Timestamp         : 2024-09-03 13:20:20.583304
Hostname          : h11c53
Platform          : Linux-4.18.0-477.27.1.el8_8.88ciq_lts.0.1.x86_64-x86_64-with-glibc2.28
Version           : 1.0.5.dev1+g35e5e6a
Python Version    : 3.12.4
Working Directory : /scratch2/GFDL/e4s/Thomas.Robinson/containers
Terminal Size     : 152x32
Frozen            : False
Log ID            : 0762531179c2b4d0051837a22b8316642f05373133dfabc70dca9d4f1093cea8
########################################################################################################################################################

[Debug e4s_cl.cli.commands.__main__:77] e4s-cl args: Namespace(command='init', options=['--profile', 'gfdl2024.01', '--launcher', 'srun', '--backend', 'singularity', '--image', '/scratch2/GFDL/e4s/Thomas.Robinson/containers/gfdlsoftware_2024.01-gcc13.sif'], dry_run=None)
[Debug e4s_cl.cli.commands.init:77] e4s-cl init args: Namespace(profile_name='gfdl2024.01', launcher='/apps/slurm/default/bin/srun', backend='singularity', image='/scratch2/GFDL/e4s/Thomas.Robinson/containers/gfdlsoftware_2024.01-gcc13.sif', cmd=[])
[Debug e4s_cl.cf.storage.local_file:50] '/home/Thomas.Robinson/.local/e4s_cl/user.json' opened read-write
[Debug e4s_cl.cf.storage.local_file:170] Initialized user database '/home/Thomas.Robinson/.local/e4s_cl/user.json'
[+] Tracing MPI execution using:
[+] '/apps/slurm/default/bin/srun /scratch2/GFDL/e4s/bin/conda/bin/e4s-cl-mpi-tester'
[Debug e4s_cl.cli.commands.profile.detect:77] e4s-cl profile detect args: Namespace(profile_name=None, cmd=['/apps/slurm/default/bin/srun', '/scratch2/GFDL/e4s/bin/conda/bin/e4s-cl-mpi-tester'])
[Debug e4s_cl.util:211] Running with parent status: ['/apps/slurm/default/bin/srun', '/scratch2/GFDL/e4s/bin/conda/bin/python', '/scratch2/GFDL/e4s/bin/bin/e4s-cl', 'profile', 'detect', '/scratch2/GFDL/e4s/bin/conda/bin/e4s-cl-mpi-tester']
Failed to determine necessary libraries: program exited with code 156
[+] Attach <PtraceProcess #1470679> to debugger
[+] Set <PtraceProcess #1470679> options to 1
[+] Created profile gfdl2024.01

Here are the modules I have loaded:

$ module list
Currently Loaded Modules:
  1) gnu/9.2.0   2) impi/2020

My container is using gcc 13 and mpich installed with spack.

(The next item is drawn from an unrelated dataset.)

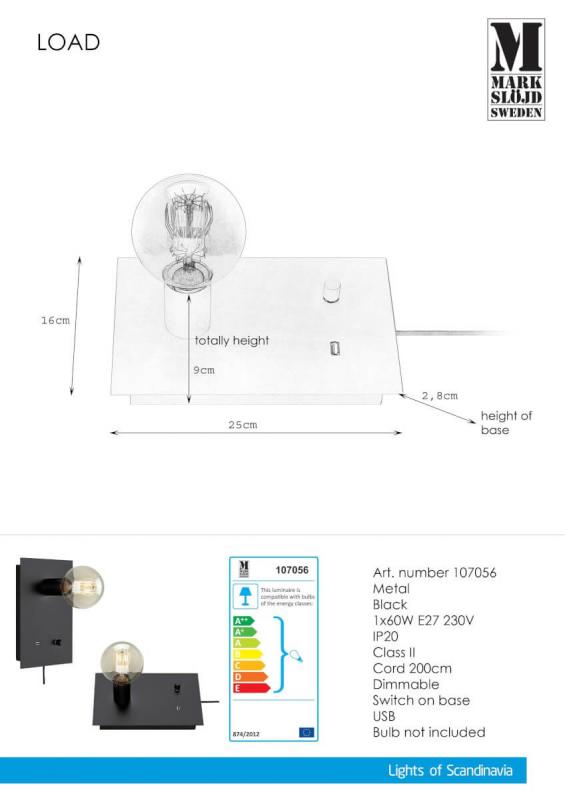 Jodå, lite som det låter faktiskt! Load (Svart) kan du ha som bordlampa eller vägglampa, hen är utrustad med ett USB uttag för enkel laddning av mobil, läsplatta eller liknande. Smart!

FrederickDeny commented 2 months ago

Hi Thomas, the fact that the created profile's name isn't specifying a mpi vendor ("[+] Created profile gfdl2024.01") indicates that e4s-cl failed to find either libmpi.so.12, libmpi_cray.so.12 or libmpi.so.40. e4s-cl will try to locate any of these three and will name the newly created profile correspondingly.

Could you check if the correct libmpi.so is in your LD_LIBRARY_PATH?

spoutn1k commented 2 months ago

The idea behind the init command is to understand what the MPI environment is and save the detected configuration to avoid computing it everytime.

This is done using a python script to access an MPI library from the environment, load and use well-known symbols to run basic operations to ensure it is working properly and loads all the library it needs to function (As they can sometimes lazy-load libraries).

You can see this in action here:

[Debug e4s_cl.util:211] Running with parent status: ['/apps/slurm/default/bin/srun', '/scratch2/GFDL/e4s/bin/conda/bin/python', '/scratch2/GFDL/e4s/bin/bin/e4s-cl', 'profile', 'detect', '/scratch2/GFDL/e4s/bin/conda/bin/e4s-cl-mpi-tester']
Failed to determine necessary libraries: program exited with code 156

You can see how this is done here. Intel MPI is treated as MPICH as they share ABI and sonames.

As Frederick suggested, something is preventing the proper analysis of your MPI environment. Please share the contents of the created profile and, if possible, compile a sample MPI program with this environment and share the output of ldd on it. What often happens is either a RPATH or an arbitrary soname is going against the MPI standard practices, and e4s-cl cannot adjust for that.

If you can, try running that tester script in your desired MPI environment and see if it gives you any information about what is failing /scratch2/GFDL/e4s/bin/conda/bin/e4s-cl-mpi-tester.